Porphyry copper deposits are typically mined by open-pit methods.

==Notable examples==
===Russia===
- Tominskoe, Ural
- Mikheevskoe, Ural
- Salavatskoe, Ural

===Mexico===
- Cananea
- La Caridad
- Santo Tomas

===Canada===
- Highland Valley
- Gibraltar Mine

===Chile===

- Cerro Colorado
- Chuquicamata
- Collahuasi
- Escondida
- El Abra
- El Salvador
- El Teniente
- Los Pelambres
- Radomiro Tomić

===Peru===
- Toquepala
- Cerro Verde, southeast of the city of Arequipa

===United States===
- Ajo, Arizona
- Bagdad, Arizona
- Berkeley Pit, Butte, Montana
- Bingham Canyon Mine, Utah
- Lavender Pit, Bisbee, Arizona
- Morenci, Arizona
- Pebble Mine, Alaska
- Safford Mine, Safford, Arizona
- San Manuel, Arizona
- Sierrita, Arizona
- Resolution Copper, Superior, Arizona
- El Chino, Santa Rita, New Mexico
- Ely, Nevada
- Ray Mine, Arizona

===Indonesia===
- Batu Hijau, Sumbawa
- Grasberg, West Papua at >3 billion tonnes at 1 ppm Au, is one of the world's largest and richest porphyry deposits of any type
- Tujuh Bukit, Java, still under exploration, but likely to be bigger than Batu Hijau
- Sungai Mak and Cabang Kiri, Gorontalo, at 292 million tonnes at 0.50 ppm gold and 0.47% copper

===Australia===
- Cadia-Ridgeway Mine, New South Wales, copper-gold deposit mined by open pit and block caving.
- Northparkes copper porphyry deposit, New South Wales, with 63 million tonnes at 1.1% Cu and 0.5 ppm Au.

===Papua New Guinea===
- Ok Tedi
- Panguna/Bougainville Copper
- Wafi-Golpu project/Wafi-Golpu mine

===Other===
- Coclesito, Panama
- Majdanpek mine, Serbia
- Oyu Tolgoi is one of the world's largest and richest Cu porphyry deposits, Mongolia
- La Caridad, Sonora, Mexico
- Dizon, Philippines
- Saindak Copper Gold Project, Pakistan

==Porphyry-type ore deposits for other metals==
Copper is not the only metal that occurs in porphyry deposits. There are also porphyry ore deposits mined primarily for molybdenum, many of which contain very little copper. Examples of porphyry molybdenum deposits are the Climax, Urad, Mt. Emmons, and Henderson deposits in central Colorado; the White Pine and Pine Grove deposits in Utah; the Questa deposit in northern New Mexico; and Endako in British Columbia.

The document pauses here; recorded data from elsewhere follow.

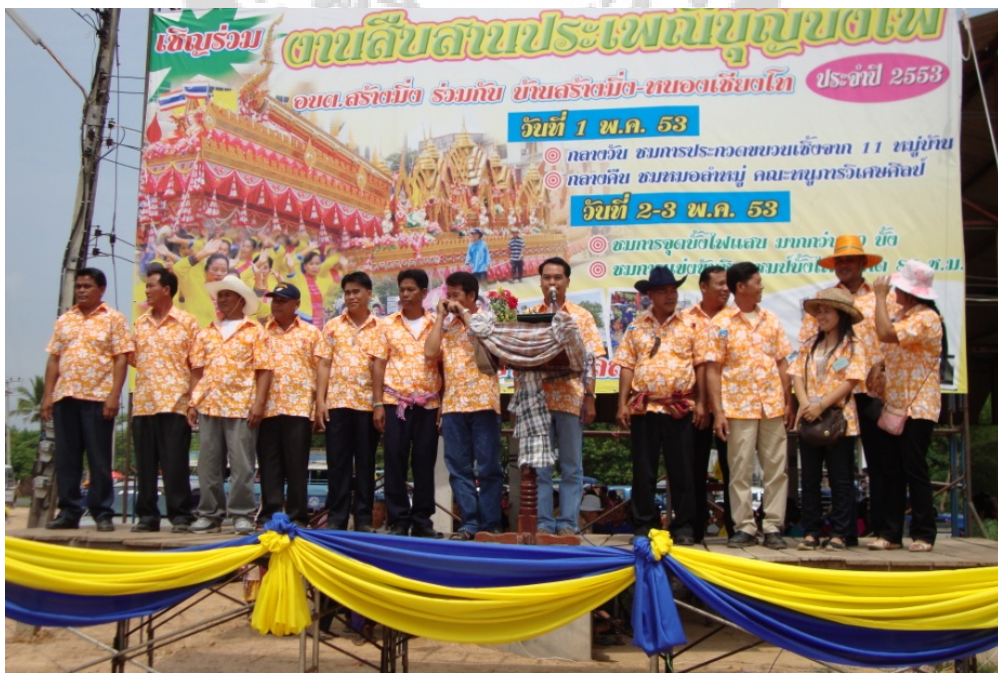
ภาพประกอบ 11 ประธานในพิธีกล่าวเปิดงาน
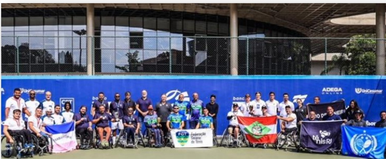
Tênis Cadeira de Rodas – 7º Lugar Geral
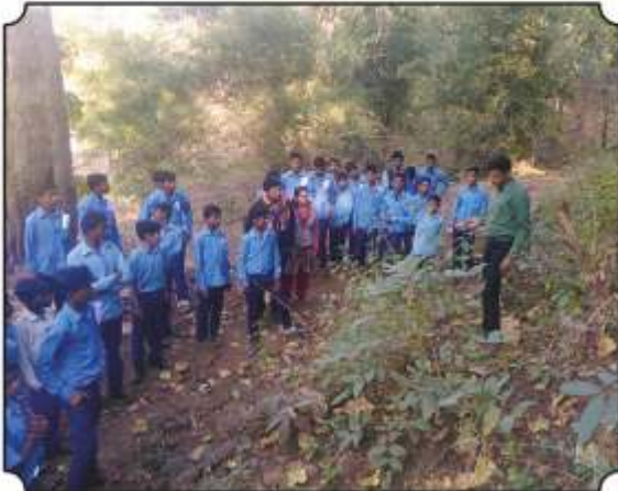
निसर्ग पाऊलवाटेने जातांना वनरपती तसेच कोळीचे जाळे दाखवितांना
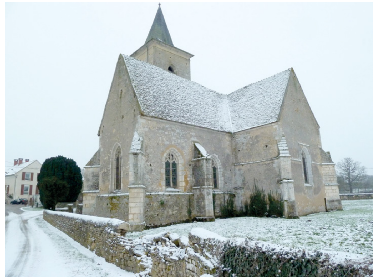
4. Vue nord-est
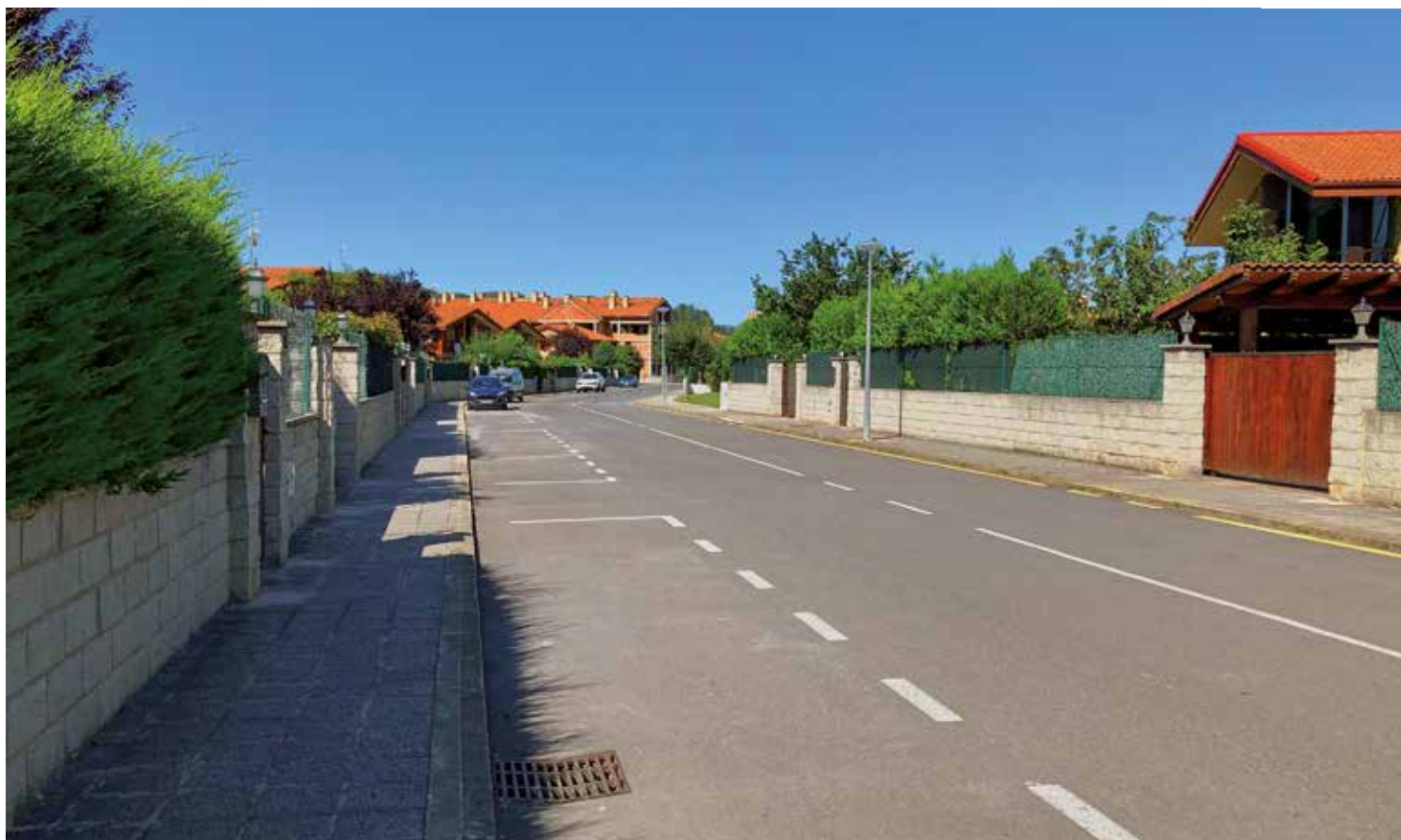
Limpieza viaria en la calle Arenilla de Villanueva de Mena

ros, Entrambasaguas, con 182 vecinos que percibirá 23.922,01 euros, Sopenano, con 166 vecinos que recibirá 22.346,45 euros, Lezana de Mena, con 118 vecinos que ingresará 16.819,76 euros, Nava de Mena, con 137 vecinos que ingresará 18.690,74 euros, y Maltranilla, con 117 habitantes que tiene asignados 16.721,29 euros.
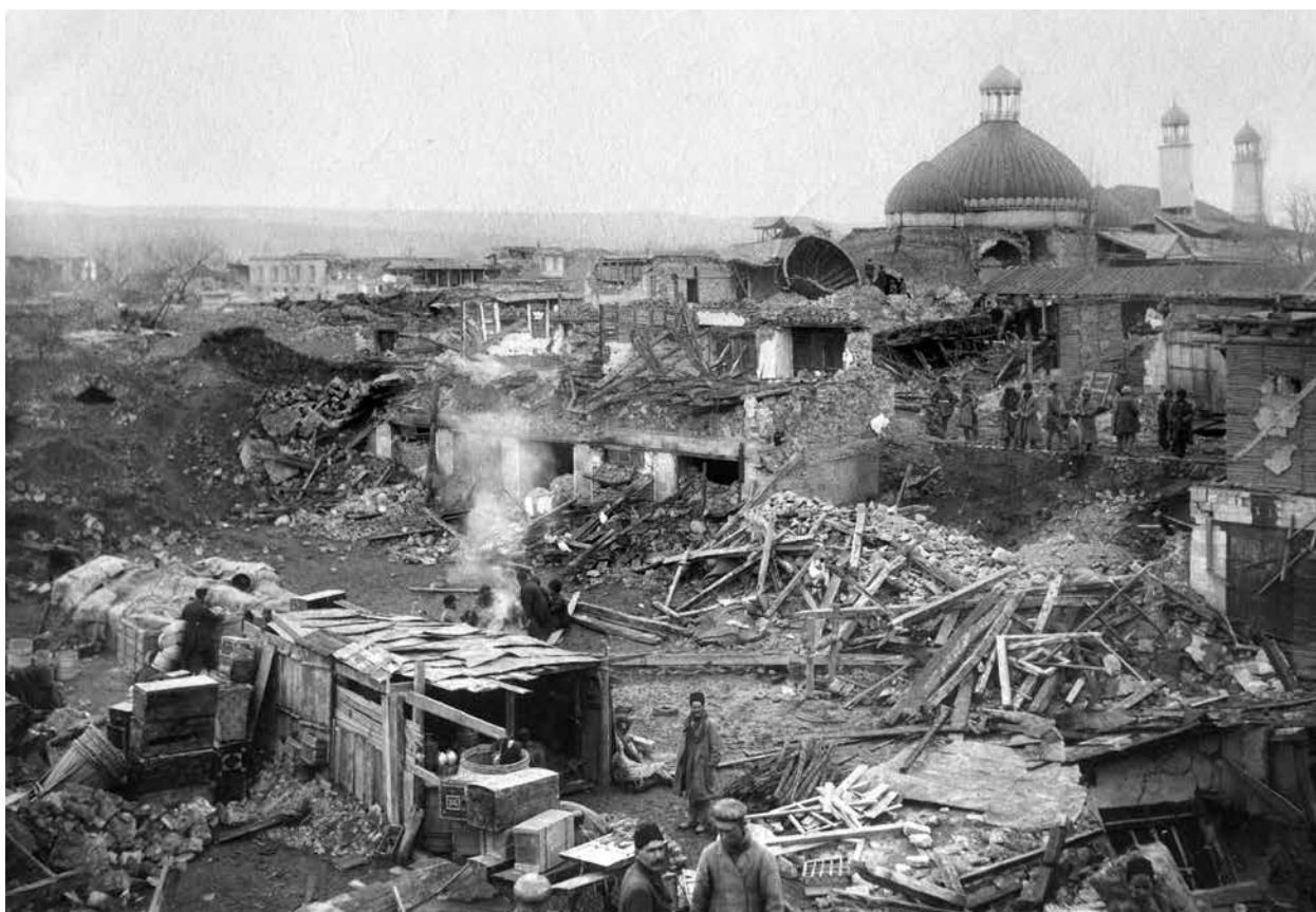
11606. Шемаха. Джума и Шихменазъ мечети и развалины домовъ. 16.
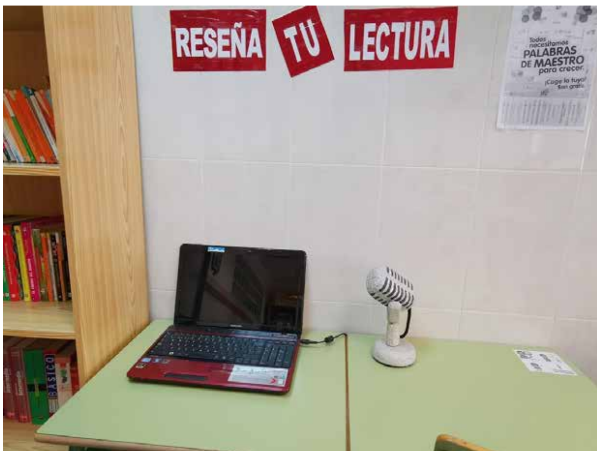
• Zona de elaboración reseñas escritas

The US Geological Survey has classed the Chorolque and Catavi tin deposits in Bolivia as porphyry tin deposits.

Some porphyry copper deposits in oceanic crust environments, such as those in the Philippines, Indonesia, and Papua New Guinea, are sufficiently rich in gold that they are called copper-gold porphyry deposits.